Your task:
Only the lines below from the one containing "Lịch sử đối đầu của Cruzeiro vs Palmeiras" through the one containing "Through the attic" belong in the answer, repeated exactly and without pictures.

Data for review:

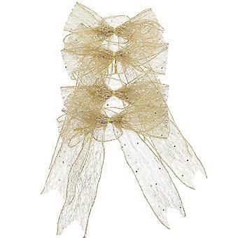 Golden 4Pcs Large Christmas Bows for Christmas Party Decoration Eye-Catching Design Featuring Durable Polyester and Pvc
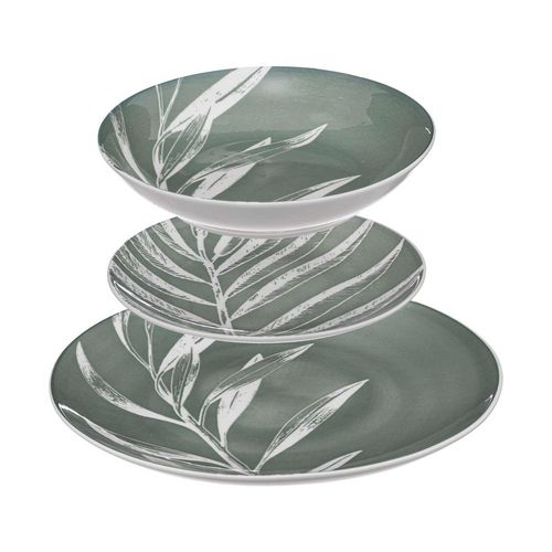 Ajoutez une touche d'harmonie à votre table avec ce service de vaisselle 18 pièces au design végétal. Son motif de feuilles délicates sur un fond vert doux évoque la nature, idéal pour créer une atmosphère apaisante et raffinée lors de vos repas.
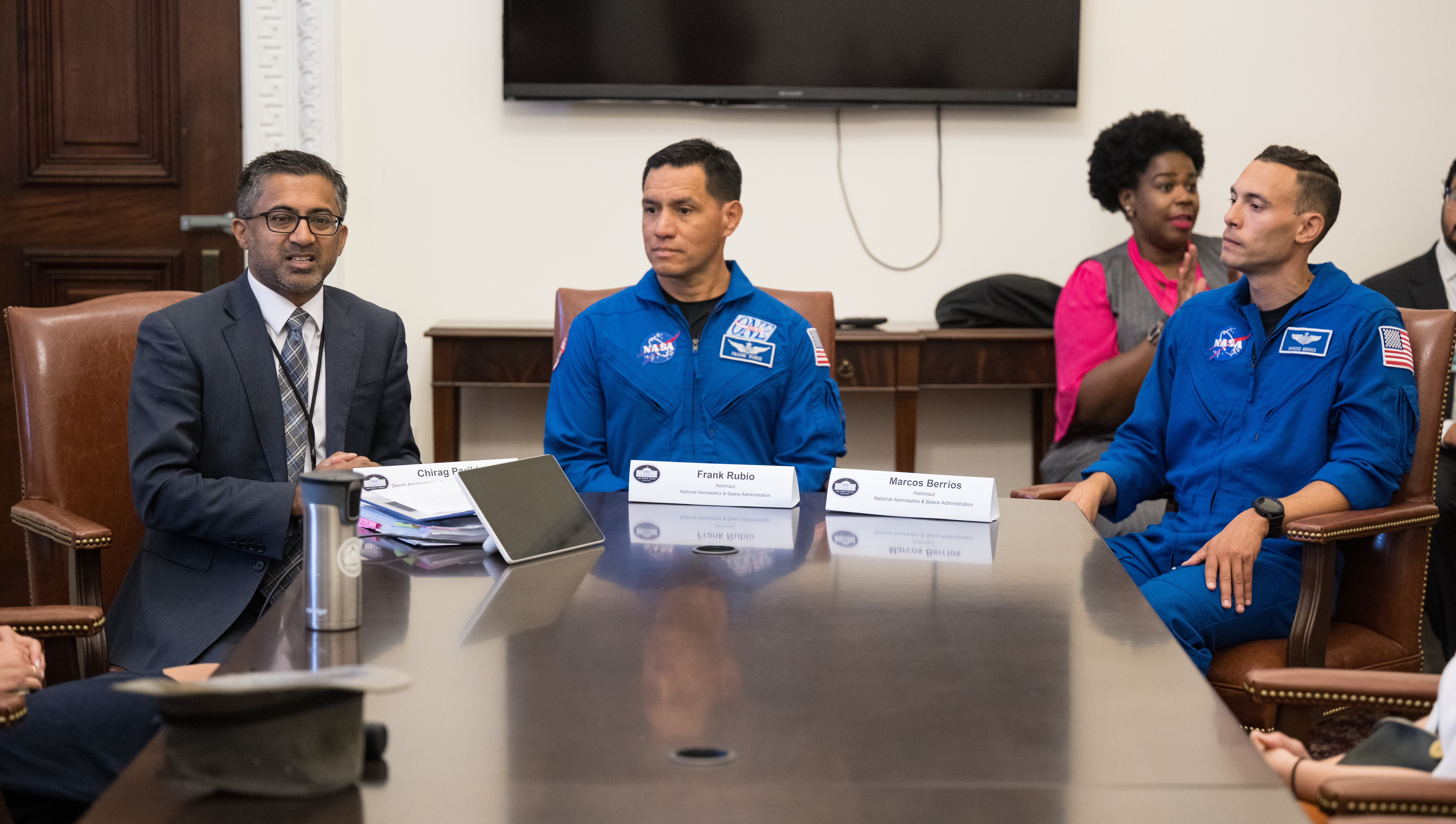 Chirag Parikh, Deputy Assistant to the President and Executive Secretary of the National Space Council, introduces NASA Astronauts Frank Rubio, center, and Marcos Berrios, at a staff engagement event that took place during a White House Hispanic Heritage month event titled “Soaring Together: Inspiring the Next Generation of Space Leaders” at the Eisenhower Executive Office Building, Monday, Sept. 30, 2024 in Washington. Photo Credit: (NASA/Aubrey Gemignani)
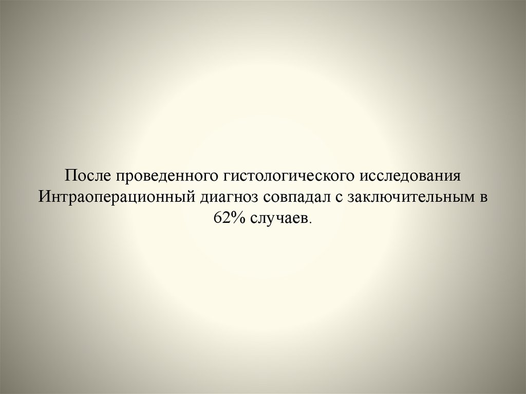 После проведенного гистологического исследованияИнтраоперационный диагноз совпадал с заключительным в
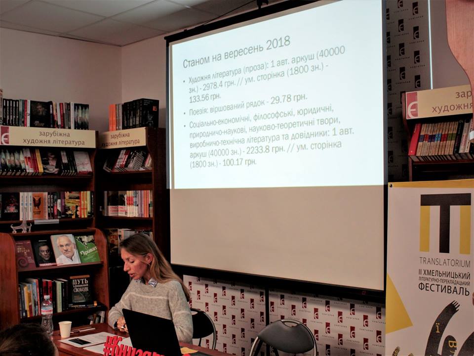 Велику аудиторію у другий день фестивалю зібрала також і розповідь Нелі Ваховської про гонорари та договори у роботі перекладача. Вона презентувала напрацювання робочої групи «Перекладачі в Дії» щодо гонорарів у різних видавництвах.
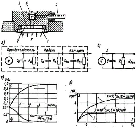 Для расширения частотного диапазона измеряемых величин в сторону низких частот, очевидно, следует увеличить постоянную времени цепи t = RC. Для того чтобы получить представление о значениях сопротивлений и емкостей, на рис. 2-16, д приведены кривые 1 и 2 чувствительности пьезоэлектрического акселерометра в функции частоты для различных сочетаний R и С. Расширение частотного диапазона путем увеличения емкости С (кривая 2) легко осуществляется включением параллельно преобразователю конденсаторов, однако это приводит к уменьшению выходного напряжения преобразователя. Увеличение сопротивления R приводит к расширению частотного диапазона без потери чувствительности, но повысить сопротивление можно только путем улучшения качества изоляции и применения усилителей с высокоомным входом.
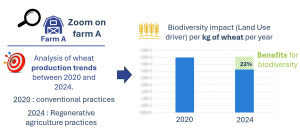 Furthermore, biodiversity is a matter of time! It is therefore interesting to determine trajectories and estimate the benefits of practices adopted over time for biodiversity (Figure 4). For example, four years of regenerative practices on soils and landscapes enable Farm A to achieve a 22% benefit for biodiversity.
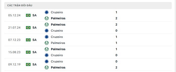Lịch sử đối đầu của Cruzeiro vs Palmeiras
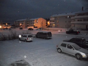 me as very odd to drive by schools in Yellowknife and see the children running around the school-yard and on the jungle gyms and slides in the dark, fully engrossed in their games, completely unfazed by the darkness. Frankly, I think that I shouldn’t have to rise before the sun does, and that if my body were meant to be out in frigid weather I’d have been born with fur. The hibernating animals are the only sensible mammals up here.
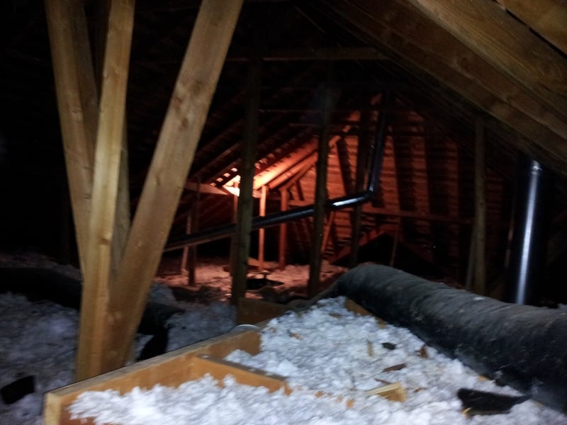 Through the attic or in the basement – If you have an open attic above or unfinished basement below where you are working, then you have it easy. The only advice we can give you is to look for markers in a home (electrical outlets, ceiling fan, etc..) to help you find your way around in the attic or basement. The best method is to get a thin piece of metal, often times called piano wire, and drill it into the basement or ceiling from the main level. Then, when you are in the basement or attic you can find the piano wire and know exactly where you are at. If you are feeling cheap a coat hanger can work as well.
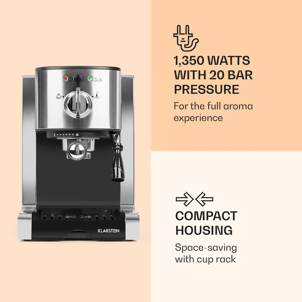 Stilvolles Design: Eleganz für die moderne Küche, 1.350 Watt mit 20 bar Druck: für das volle Aroma-Erlebnis , Kompaktes Gehäuse: platzsparend mit Tassenablage, Multifunktionale Dampfdüse: für Milchschaum und Heißgetränke , Einfache und übersichtliche Bedienung: via Drehknopf , 1,25 Liter Kapazität: für seltenes Nachfüllen , Mit dabei: Pulver-, Pad-Siebträger sowie Messlöffel

Your solution:
Lịch sử đối đầu của Cruzeiro vs Palmeiras
 me as very odd to drive by schools in Yellowknife and see the children running around the school-yard and on the jungle gyms and slides in the dark, fully engrossed in their games, completely unfazed by the darkness. Frankly, I think that I shouldn’t have to rise before the sun does, and that if my body were meant to be out in frigid weather I’d have been born with fur. The hibernating animals are the only sensible mammals up here.
 Through the attic or in the basement – If you have an open attic above or unfinished basement below where you are working, then you have it easy. The only advice we can give you is to look for markers in a home (electrical outlets, ceiling fan, etc..) to help you find your way around in the attic or basement. The best method is to get a thin piece of metal, often times called piano wire, and drill it into the basement or ceiling from the main level. Then, when you are in the basement or attic you can find the piano wire and know exactly where you are at. If you are feeling cheap a coat hanger can work as well.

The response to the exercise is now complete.